Home Business Stumbling Chinese sales affect Japanese automakers

Stumbling Chinese sales affect Japanese automakers

A quick switch to electric vehicles (EVs) has fully upended the present largest auto market and resulted in a decline in purchases of gasoline-powered automobiles, data indicates, putting Japan’s automakers in a niche sales crisis there.

According to industry data analysis, the total revenue of Chinese Japanese auto brands fell 32% year by year in the first quarter, which was a faster decline than the market as a whole.

The sudden shift in China has also caught other automakers off guard, including Volkswagen AG (VOWG_p.DE), but Japanese automakers stand out due to their underwhelming performance in the rapidly expanding market for electric and plug-in hybrid vehicles.

In a concerning sign of the competition, well-known Japanese automakers may increasingly face outside of their base market, analysts predict that production and margins will be put under pressure in China as automakers reduce output and rates of gasoline-powered vehicles to keep the inventories in check.

Yasushi Matsui, a chief financial officer for car parts supplier Denso Corp (6902.T), stated last week that particularly Japanese automakers are facing a little bit larger inventory of new automobiles in China.

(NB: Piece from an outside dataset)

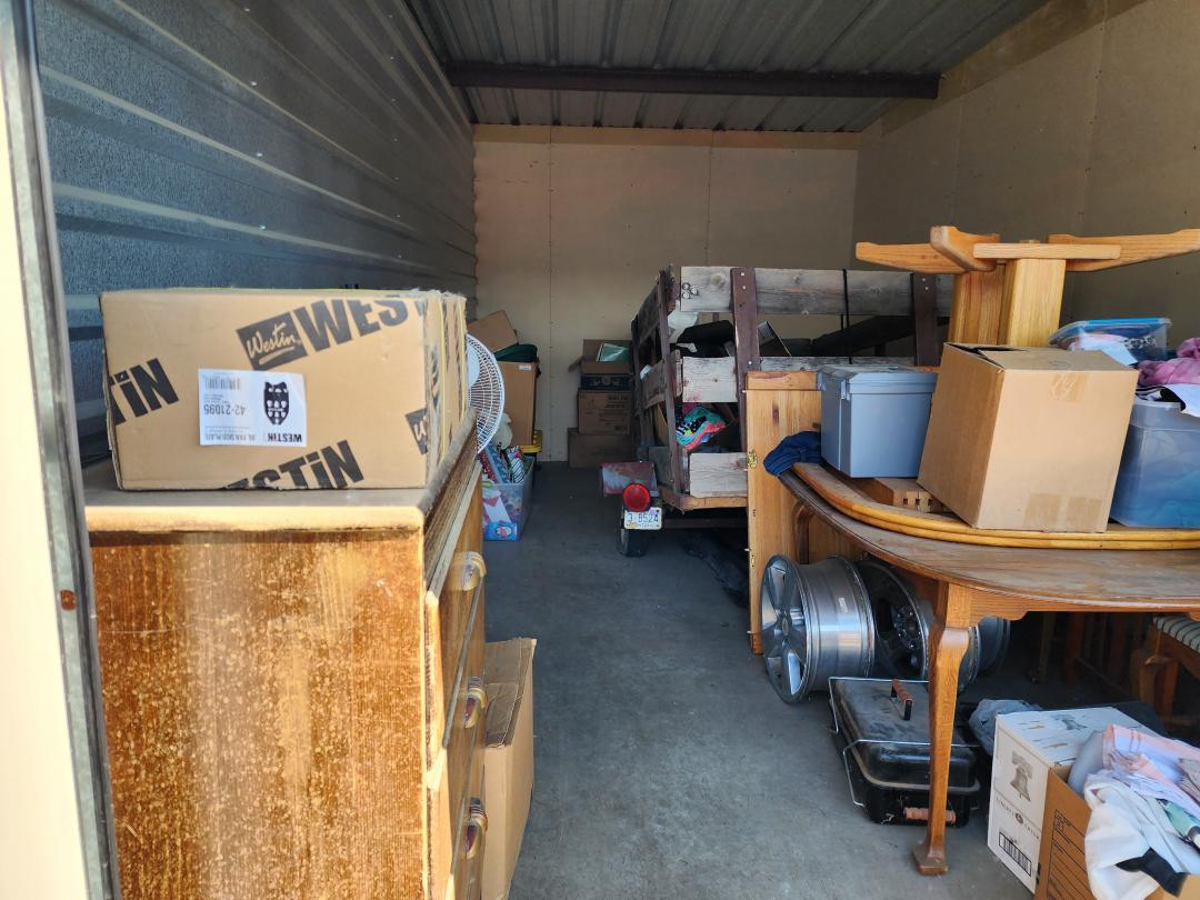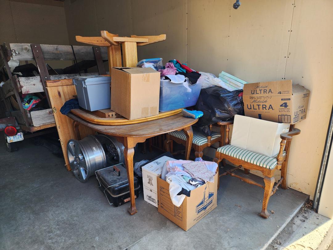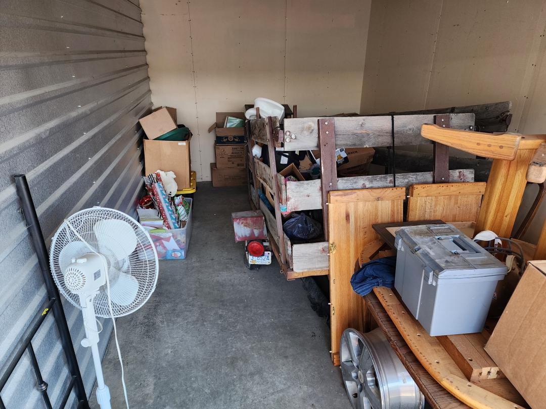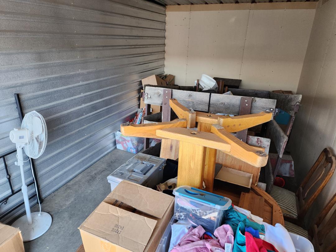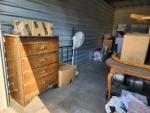 This unit appears to contain…Chairs, table, boxes, clothes, bags, wall art, totes, propane bbq, rims, trailer, file, dresser, fan, Christmas items, animal crate

The manufacturing of its Outlander SUV in China has been put on hold for three months, according to Mitsubishi Motors Corp (7211.T), which also announced last week that it will take a $77 million loss for slower-than-expected sales at its joint venture alongside state-owned GAC Group.

Like some other mainstream Japanese automakers, Mitsubishi does not break separate sales numbers for China. Its first-quarter sales in China decreased by 58% from a year earlier, according to industry data analysis.

Another change was the BYD Song, a neat plug-in hybrid built by BYD (002594.SZ), China’s top automaker, which pushed out Nissan’s Sylphy, a famous sedan that had been the country’s best-selling vehicle for three years.

Nissan claimed in email responses that it had sold more than 5 million Sylphys across the nation over the years and that a hybrid electric-drive model is qualified for incentives in Guangzhou.

The business claimed that it was coordinating similar support with the other cities. According to Nissan, the sedan’s hybrid, full-fledged electric drive and e-Power version will be key to the company’s brand reinvention in China.

Although Toyota Motor Corp (7203.T) claims that its cautious approach to all-electric vehicles protects consumer choice, analysts claim that the tactic is hurting sales in China.

Bill Russo, the founder and CEO for Automobility, which is a Shanghai-based consultancy, said Japan is currently the greatest loser in the price battle.

Based on industry data from: China Association of Automobile Manufacturers that were reviewed, Japan’s proportion of car sales in China dropped from a solid 18.5% in the first quarter to 24% in 2020.

According to company figures, sales for Toyota and the luxury brand Lexus declined by 14.5% in the first quarter.

Sales in China fell by 45.8% for Nissan Motor Co Ltd (7201.T) and by 66.5% for Mazda Motor Corp (7261.T) in the first three months. Industry statistics revealed a 38.2% decrease in Honda Motor Co Ltd (7267.T).

Toshihiro Mibe, the CEO of Honda, acknowledged that the carmaker trailed behind Chinese rivals in some software developments.

Mibe, speaking to reporters during a presentation in Tokyo on Honda’s initiatives in autonomous driving and other services like gaming, said that Chinese automakers are far ahead of expectations.

Masatoshi Nishimoto, chief research analyst for S&P Global Mobility, Tokyo, said that while low-cost electric cars and innovative products based on software have drawn consumers in China, Japanese manufacturers have built their name on qualities like durability.